EXERCISE DETAILS: Restate each of the lines below word for word and drop every picture.

=== SUPPLIED DATA ===

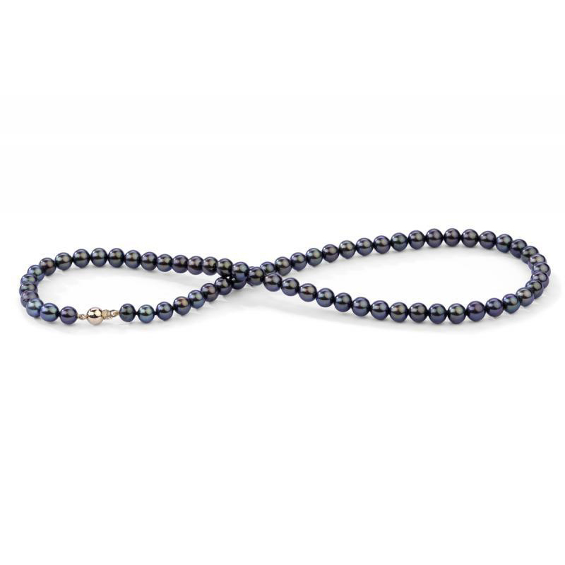 Goldene Perlenkette mit schwarzen 6-6.50 mm Perlen Elodie
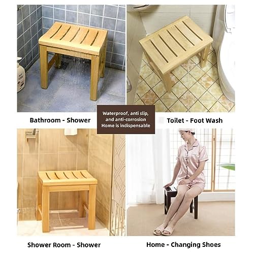 Solid Wood Bathroom Stool, Elderly Anti-Skid Wooden Stool, Foot Washing Stool, Suitable for Bathroom Bathing, Bathroom Foot Washing, and Changing Shoes at Home (Woody Natural)
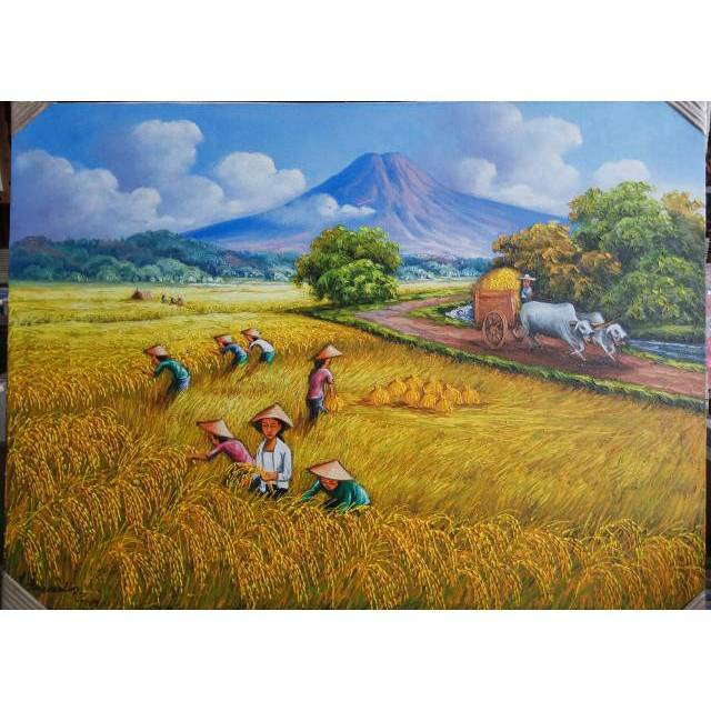 Baru 30 contoh lukisan pemandangan persawahan lukisan panen padi pemandangan sawah ukuran 135 x 85 cm download gambar pem di 2020 pemandangan lukisan kota bandung.
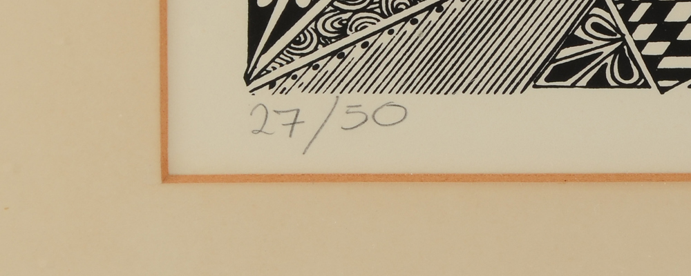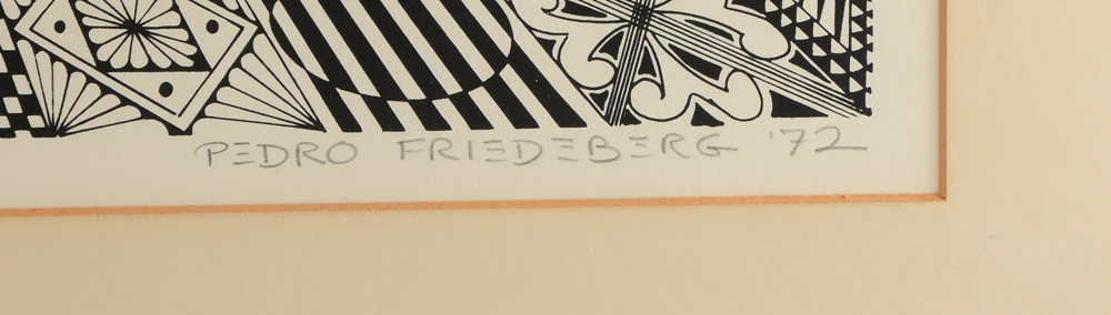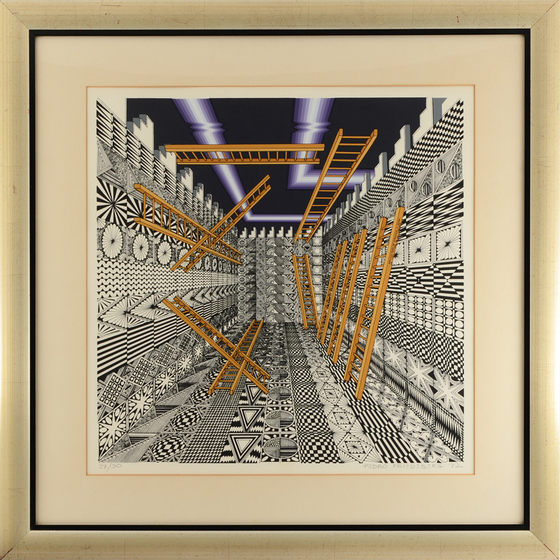 FRIEDEBERG, Pedro, (Mexican-Italian, 1936- ): Op Art Composition with Ladders, Silk Screen, image size 20 1/2'' x 20 1/2'', pencil signed lower right, dated '72, #'d 27/50 lower left, framed 30'' x 30''.

===

WRITTEN ANSWER:
 Goldene Perlenkette mit schwarzen 6-6.50 mm Perlen Elodie
 Solid Wood Bathroom Stool, Elderly Anti-Skid Wooden Stool, Foot Washing Stool, Suitable for Bathroom Bathing, Bathroom Foot Washing, and Changing Shoes at Home (Woody Natural)
 Baru 30 contoh lukisan pemandangan persawahan lukisan panen padi pemandangan sawah ukuran 135 x 85 cm download gambar pem di 2020 pemandangan lukisan kota bandung.
 FRIEDEBERG, Pedro, (Mexican-Italian, 1936- ): Op Art Composition with Ladders, Silk Screen, image size 20 1/2'' x 20 1/2'', pencil signed lower right, dated '72, #'d 27/50 lower left, framed 30'' x 30''.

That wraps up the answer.